Segment Open

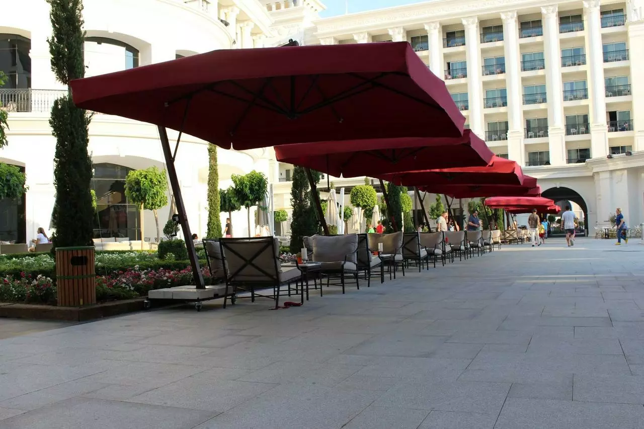 басейну, відкритих літніх майданчиках кафе, барів і ресторанів.
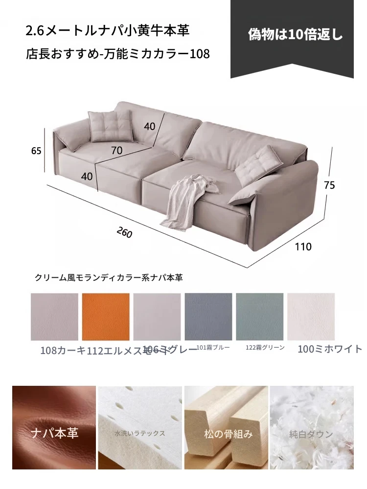 エレガントな象耳ソファセット|イタリアンデザインの本革|東莞・仏山・龍江産|2024年新作|高級な一層牛革使用で、贅沢な座り心地を実現!リビングを華やかに彩るスタイリッシュな選択。
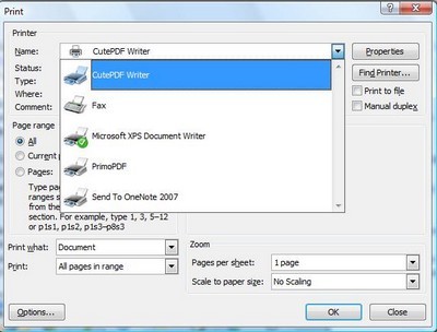 - Trong hộp thoại in, chọn CutePDF Writer làm máy in và nhấn Print (không chọn Print to File).
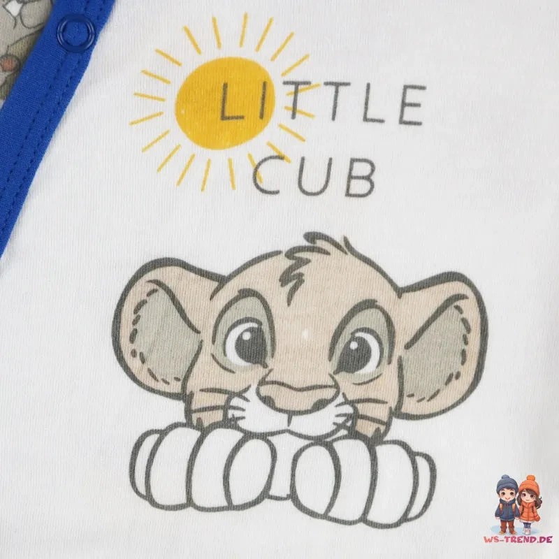 Lassen Sie Ihr Baby in diesem entzückenden langärmeligen Baby Strampler Abenteuer in der Savanne erleben! Inspiriert durch Disney’s zeitlosen Klassiker „Der König der Löwen“, zeigt dieser Strampler ein bezauberndes Motiv von Simba, der jeden in seiner Umgebung zum Lächeln bringen wird.
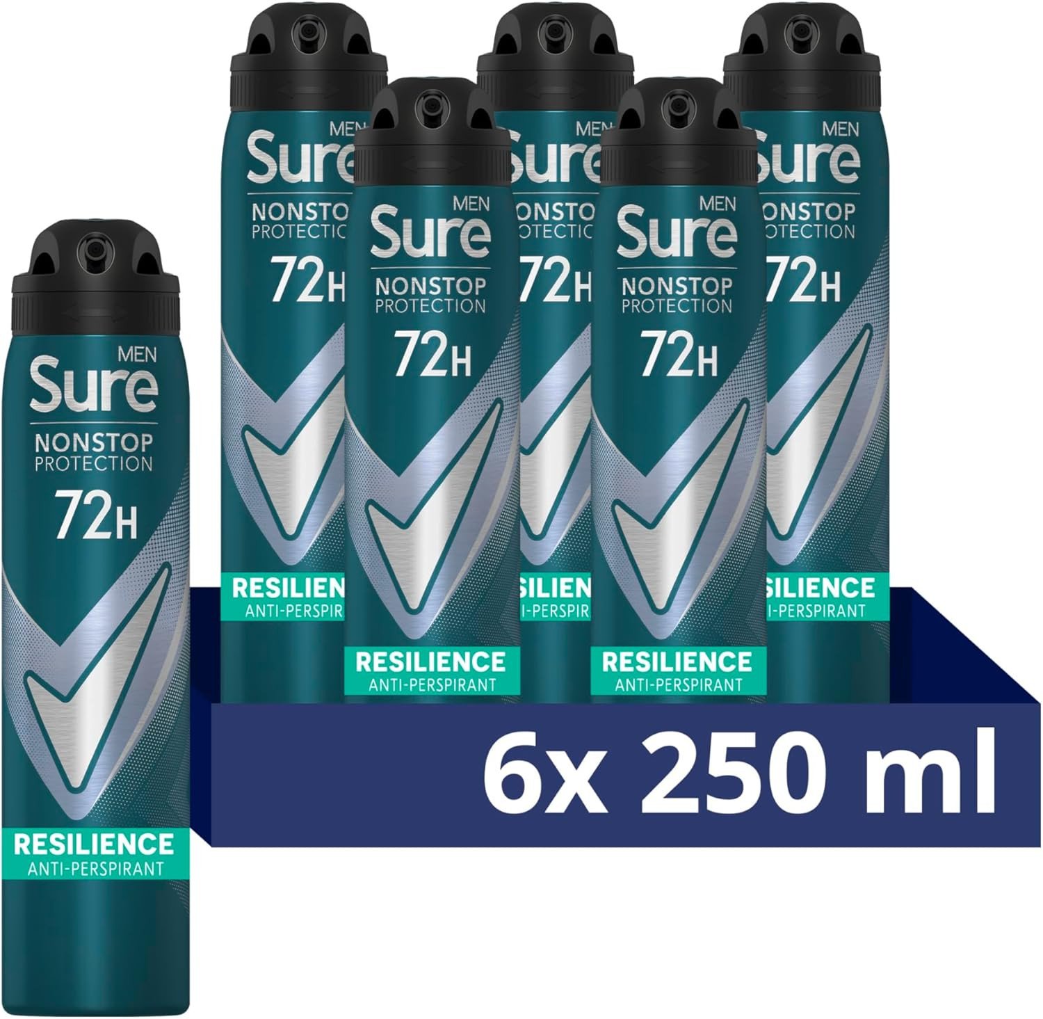 Sure Men Nonstop Protection Resilience Deodorant Body Spray Antiperspirant with body heat activated technology for 72 hour protection against odour and sweat 250 ml, Pack of 6

Segment Closed

## TASK TO CARRY OUT
The data above must be written out again word for word, without its pictures.

## EXERCISE ANSWER
 басейну, відкритих літніх майданчиках кафе, барів і ресторанів.
 エレガントな象耳ソファセット|イタリアンデザインの本革|東莞・仏山・龍江産|2024年新作|高級な一層牛革使用で、贅沢な座り心地を実現!リビングを華やかに彩るスタイリッシュな選択。
 - Trong hộp thoại in, chọn CutePDF Writer làm máy in và nhấn Print (không chọn Print to File).
 Lassen Sie Ihr Baby in diesem entzückenden langärmeligen Baby Strampler Abenteuer in der Savanne erleben! Inspiriert durch Disney’s zeitlosen Klassiker „Der König der Löwen“, zeigt dieser Strampler ein bezauberndes Motiv von Simba, der jeden in seiner Umgebung zum Lächeln bringen wird.
 Sure Men Nonstop Protection Resilience Deodorant Body Spray Antiperspirant with body heat activated technology for 72 hour protection against odour and sweat 250 ml, Pack of 6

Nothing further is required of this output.